Chilango nears close of oversubscribed mini-bond

By Roger Baird on Wednesday 3 April 2019

Alternative Lending

The Mexican restaurant chain said it was urged by investors to offer a second mini-bond after its first appeal to investors five years ago.

Mexican restaurant chain Chilango is about to close it second oversubscribed mini-bond, at a time of intense scrutiny for the financial product.

The London-based business said it has raised £3.3m from retail investors since it launched, what it calls its Burrito Bond 2, in October.

The company, founded 12 years ago, had planned to raise £1m from its four-year mini-bond offering eight per cent to investors. However, due to investor interest, it said, the firm has raised its target and extended the cash call several times. It is now due to close on 12 April, and its new target is £3.5m.

The move by the mid-market dining chain, with 11 outlets, comes amid concern by MPs and regulators about whether the risks attached to mini-bonds are understood by small investors.

Levels of harm

Yesterday, the Financial Conduct Authority (FCA) said it would look into “whether the existing regulatory system adequately protects retail purchasers of mini-bonds from unacceptable levels of harm.”    

It was urged to do so by Treasury Select Committee chairman Nicky Morgan, following the January collapse of investment firm London Capital & Finance (LC&F), which left 11,500 small investors facing 80 per cent losses on the £236m they invested with the firm, which marketed unregulated mini-bonds as regulated ISAs.

However, Chilango said it has “received a steady stream of requests to offer another bond” from investors since its first one in 2014.

The minimum investment in the current bond is £500, but if backers put in more than £10,000, they get a premium black card entitling them to a free weekly burrito meal for the lifetime of the loan.

Chilango said it will use the cash to open new outlets, which cost around £500,000 per restaurant.
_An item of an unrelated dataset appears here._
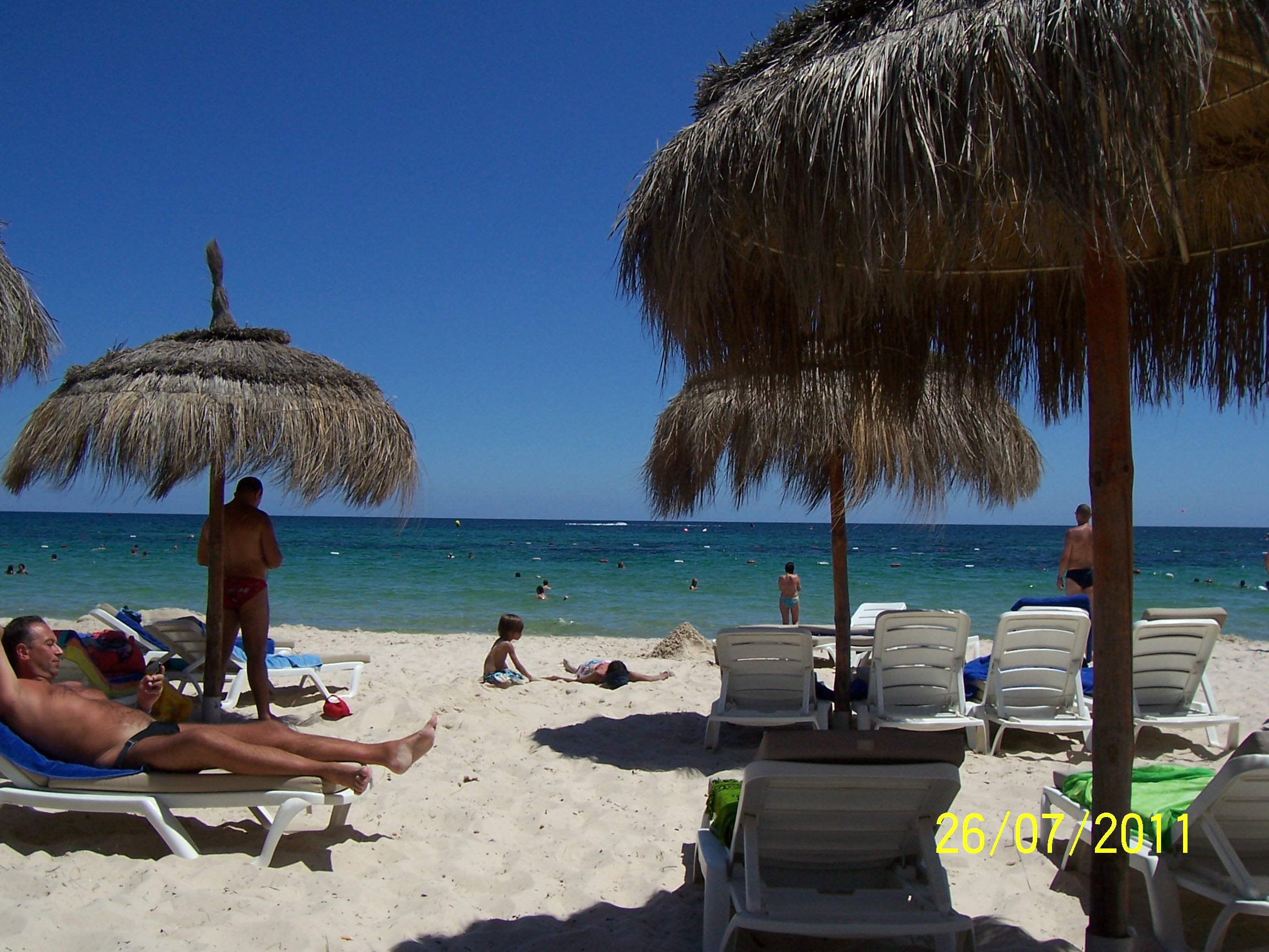 Ездили через оператора Пегас из Волгограда. В Волгоградском аэропорту всё как обычно: бешеные очереди на таможне, духота, толкотня и прикольный дедок на «ренгене». С собою можно провозить по 1 литру спиртного на человека, но на это как мне показалось, никто внимания не обращает, поэтому можно и больше кому надо. Волгоградский дюти-фри – ларек 3х3 метра. Летает Пегас в Тунис с Оренбургскими авиалиниями самолетами Боинг 737. Самолеты относительно добротные, чистые, кормят хорошо, управляют ими прекрасно, в зоны турбулентности практически не попадали. Летели туда 4 с половиной, обратно 4 и 10 минут. В самолете, хотя и запрещено пить, но никто существенно не ограничивает – если вести себя культурно. При полете в Тунис был инцидент с одним из пассажиров, который покурил в туалете и экипаж долго ему объяснил, что этого делать не стоит и может привести к катастрофе и т.д. и т.п. Аэропорт, города Монастир кажись, первое впечатление производит не особое – всего пара небольших самолетов, как будто туда никто не прилетает. По прилету необходимо заполнить въездную карту, которая в том числе имеет расшифровку на русском языке, поэтому труда не составит, никто на этом не «наваривается» как в Египте, единственное надо иметь с собою ручки. Карта состоит из 2 частей, первую отрывают на таможне при въезде по второй мы выезжали. Далее проходите таможню, достаточно быстро проверяют заполненную карту, ставят печати и вы свободны. Страна безвизовая для российских граждан, поэтому ничего платить за въезд не нужно. По прилету тоже есть дюти-фри, имеющее такой же жалкий вид как и в Волгограде. Выходя из аэропорта складывается впечатление, что попал на автовокзал какого-нибудь Урюпинска: в 30 метрах идет автодорога, людей нет, на парковке стояло несколько автобусов Пегаса и несколько их же гидов. Все разъехались, а мы были вынуждены ждать свой автобус минут 15. До отеля довезли минут за 40. Сам отель видно, что не новый, но за техническим состоянием следят постоянно и поддерживают его относительно хорошо для такого возраста. На ресепшене заполняете как обычно карту гостя. Для того чтобы нас нормально заселили, а нас было 5 (2 и 3 соответственно) дали 30 долларов. Деньги берут без проблем, могут сказать что мало, но не фига баловать. Номера дали 186 (семейный с 4 кроватями) и 182, находившиеся друг от друга в 3 метрах. Учитывая, что у них там своя какая-то методика определения этажности это был 3 этаж из пяти. Номера выходили на внутреннюю территорию отеля с видом на бассейн. Сам отель имеет П-образную форму. Считается, что это хорошие номера, так как другие имеют вид на соседние отели, дорогу, хоз. постройки с соответствующими звуковыми оформлениями и возможно запахами. Стандартный номер имеет площадь около 25 метров, санузел раздельный, кондиционер настенный, сейф (бесплатный) с инструкцией на русском, балкон метра 4, старый ЭЛТ телевизор. В номер при заезде кладут фрукты: финики, апельсины (немного старенькие). В холодильнике минеральная вода (бесплатно), если нет то кладут новую при уборке, если не забудут конечно . Убираются каждый день, насколько часто меняют белье не обращал внимания. Постоянно оставляли по 1 динару (местная валюта) за уборку, убирались хорошо, да вроде и мы не свиньи особо и убирать нечего было, убирали у одних из первых. Однако, заметил, что в последние дни сменилась

It will also refinance existing debt.

The business was founded in 2007 by two former Skye employees Eric Partaker and Dan Houghton, who opened their first outlet in Upper Street, north London. The majority of its restaurants are in the capital, with a single outlet in Manchester.

Solid platform

Partaker said: "The response to the offer has been overwhelming and bears testament to the public’s enthusiasm for our mission – to inject a little flavour and vibrancy into the largely bland high-street dining landscape."  

Last year the chain posted a £1.7m restaurant ebitda profit on £10.3m sales and £1.7m with 5.3 per cent like-for-like sales, it forecasts £2.1m restaurant ebitda profit and nearly £11m sales for the current financial year.

One prominent backer in the current bond is former Itsu managing director David Haimes. He said: “We are into fast growth, off a solid platform. What a great time to invest.”

The company's other prominent backers include former Domino’s Pizza UK chief executive Chris Moore and former McDonald’s UK marketing vice-president Laurie Morgan.

The firm’s original Burrito Bond five years ago attracted almost 750 investors to its four-year mini-bond, offering a fixed-rate of eight per cent in cash with a minimum investment of £500.